This study focused on semielective surgical procedures (a semielective surgery is defined as a surgery that should ideally be performed within 3 days up to 3 weeks), because urgent procedures always have priority over other procedures, and elective procedures can, by definition, be delayed. The most frequently performed semielective surgical procedures in our institute were selected. Data about these surgical procedures were collected and used in a broadly applicable computer-based model to estimate the effect of surgical delay on life expectancy and health-related quality of life (QoL).

Patients and Setting

The evaluated surgical procedures in this study comprised nonpediatric and nonobstetric semielective surgical procedures at Erasmus University Medical Center, an academic tertiary referring hospital in The Netherlands. From the electronic patient registry (HiX, ChipSoft), the number of surgical procedures, surgery time, length of stay in an intensive care unit, and length of stay in a nonintensive care unit of all nonurgent surgical procedures were retrieved from July 2017 to December 2019. Next, 2 senior clinicians selected the semielective surgical procedures from this list. No objective criterion could be used, because the definition of semielective is subject to numerous aspects including environment, expert opinion, and alternative therapies. Finally, the Value Based Operation Room Triage team collaborators approved the selection. This team of collaborators was a diverse expert panel of 18 healthcare professionals from the Erasmus University Medical Center, including surgeons (eg, cardiothoracic surgeons, neurosurgeons, and gynecological surgeons) and generalists (eg, internists, geriatricians, and general practitioners) (see Appendix C in Supplemental Materials found at https://doi.org/10.1016/j.jval.2020.12.010). Ultimately, 43 semielective surgical procedures were selected that were performed more than 80 times during the time window we used.

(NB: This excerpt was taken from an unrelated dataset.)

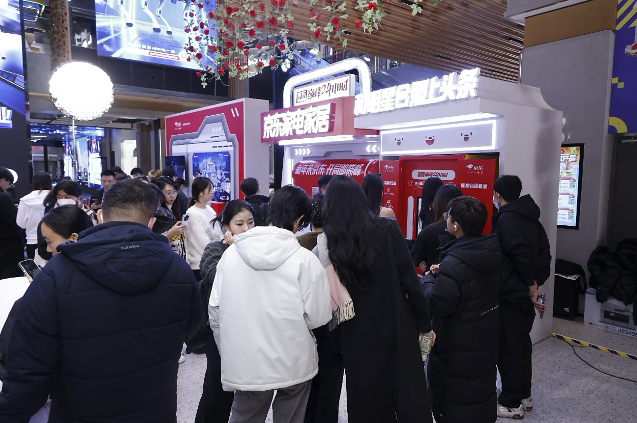 活动现场,“新年头条”自助拍报机前聚集了不少拍照打卡的顾客。大家轮番与刘宇宁、张艺兴、华晨宇等明星“跨时空同框”,一键生成专属新年封面,并分享至社交平台。恰逢宇树科技首家线下门店在京东MALL北京双井店开启试营业,自助拍报机前还有机器人引导过往行人参与活动、互动交流,吸引了众多家庭和科技爱好者驻足。

Where relevant, mild and severe cases of patients undergoing the surgical procedure were distinguished based on clinical insight of our collaborators.

Model Input Parameters

The model required 7 input parameters: (1) survival rates presurgery, (2) survival rate postsurgery, (3) QoL presurgery, (4) QoL postsurgery, (5) mean age of patients undergoing the surgery, (6) time until no effect of treatment can be expected on survival, or (7) time until no effect of treatment can be expected on QoL (see Appendix A in Supplemental Materials found at https://doi.org/10.1016/j.jval.2020.12.010). The class of collected evidence was defined as class I (randomized controlled trials [RCT] or systematic reviews of RCTs), class IIa (prospective observational studies, before-after studies), class IIb (retrospective observational studies, expert panels for the disutility weights, national registries), or class III (expert opinion).

Survival Input

The survival rates postsurgery were obtained from national registries for oncological and cardiothoracic surgical procedures. For the remaining surgical procedures, data were obtained from scientific literature. The survival data presurgery for all surgical procedures were based on data from published studies. If either survival with or without treatment was lacking, the reported treatment effect (preferably from an RCT) was used to calculate the missing survival parameter. The disease-specific mortality was added to the national overall age-specific mortality from the Central Bureau of Statistics in The Netherlands. The mean age of the patients was obtained from published studies. All survival data had to be converted to mortality risk per week and ultimately converted to probabilities to be used in the model (formulas presented in Appendix C in Supplemental Materials found at https://doi.org/10.1016/j.jval.2020.12.010).

QoL Input

The disability weights from the Global Burden of Disease (GBD) Study 2016 from the World Health Organization (WHO) were used to value the QoL of our health states. The GBD Study reports disability weights for nonfatal health conditions. These weights represent the magnitude of health loss associated with the conditions, where 0 represents no loss (full health) and 1 all lost (death). When these weights are multiplied by the duration lived in this conditions, one has calculated the weighted years lived with disability. The years lived with disability summed with the years of life lost (YLLs) to premature death give the disability-adjusted life-years (DALY). A full DALY can be thought of as losing 1 year in full health. In our analysis, the DALY is the difference in quality of life weighted life years with and without surgical delay.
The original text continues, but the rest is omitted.